Belén disfrutaba su torta de manzana cuando lo vio.
Miró de reojo hacia él y no dijo nada.
El joven, sonriendo, se sentó en una mesa cercana, justo detrás de un vidrio que separa en dos al local.
Belén, disimulando ante su papá, absorto en la lectura del diario, le devolvió la sonrisa. Con delicadeza, él levantó un vasito plástico y brindó con la niña de apenas once años que tan bien conocía. Ella saboreó gustosa un trozo más bien grande de la torta, era un gesto que él recordaba muy bien de años por venir y puso una cómica expresión que Belén, por supuesto, todavía no podía reconocer; pero que la hizo contener la risa y, es cierto, atragantarse un poco.

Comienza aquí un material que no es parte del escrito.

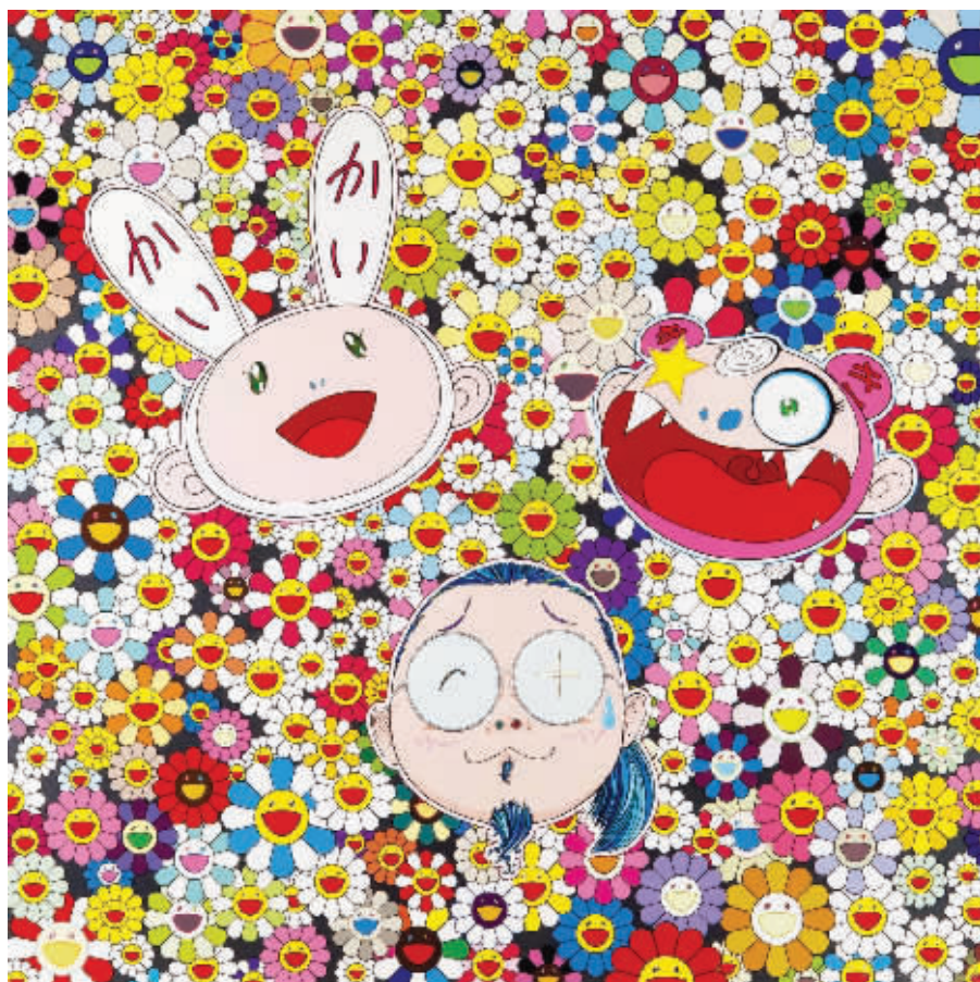
《Kaka Kiki & Me》

Unieron un instante los ojos, tan parecidos, tan grandes y tan llenos de ternura.
Belén ya sabía quien era aunque, como se podrá imaginar, aún no lo conocía. Miró a su papá, que tomaba distraído un sorbo de café casi frío, y estuvo a punto de contarle todo; pero decidió guardar el secreto.
Un secreto para ella sola, para abrigarla en días de invierno y dejarse llevar en siestas por venir.
Detrás del vidrio la figura de aquel muchacho, dieciocho o tal vez veinte años de satisfecha vida, se desvanecía lentamente.
Belén dibujó una perfecta O (mayúscula, se dijo) con sus labios cuando él desapareció del todo. Ella sabía que no lo volvería a ver así hasta dentro de unos treinta años, más o menos.
Y no le dijo a su papá que, desde muy lejos, su futuro hijo había pasado para saludarlos.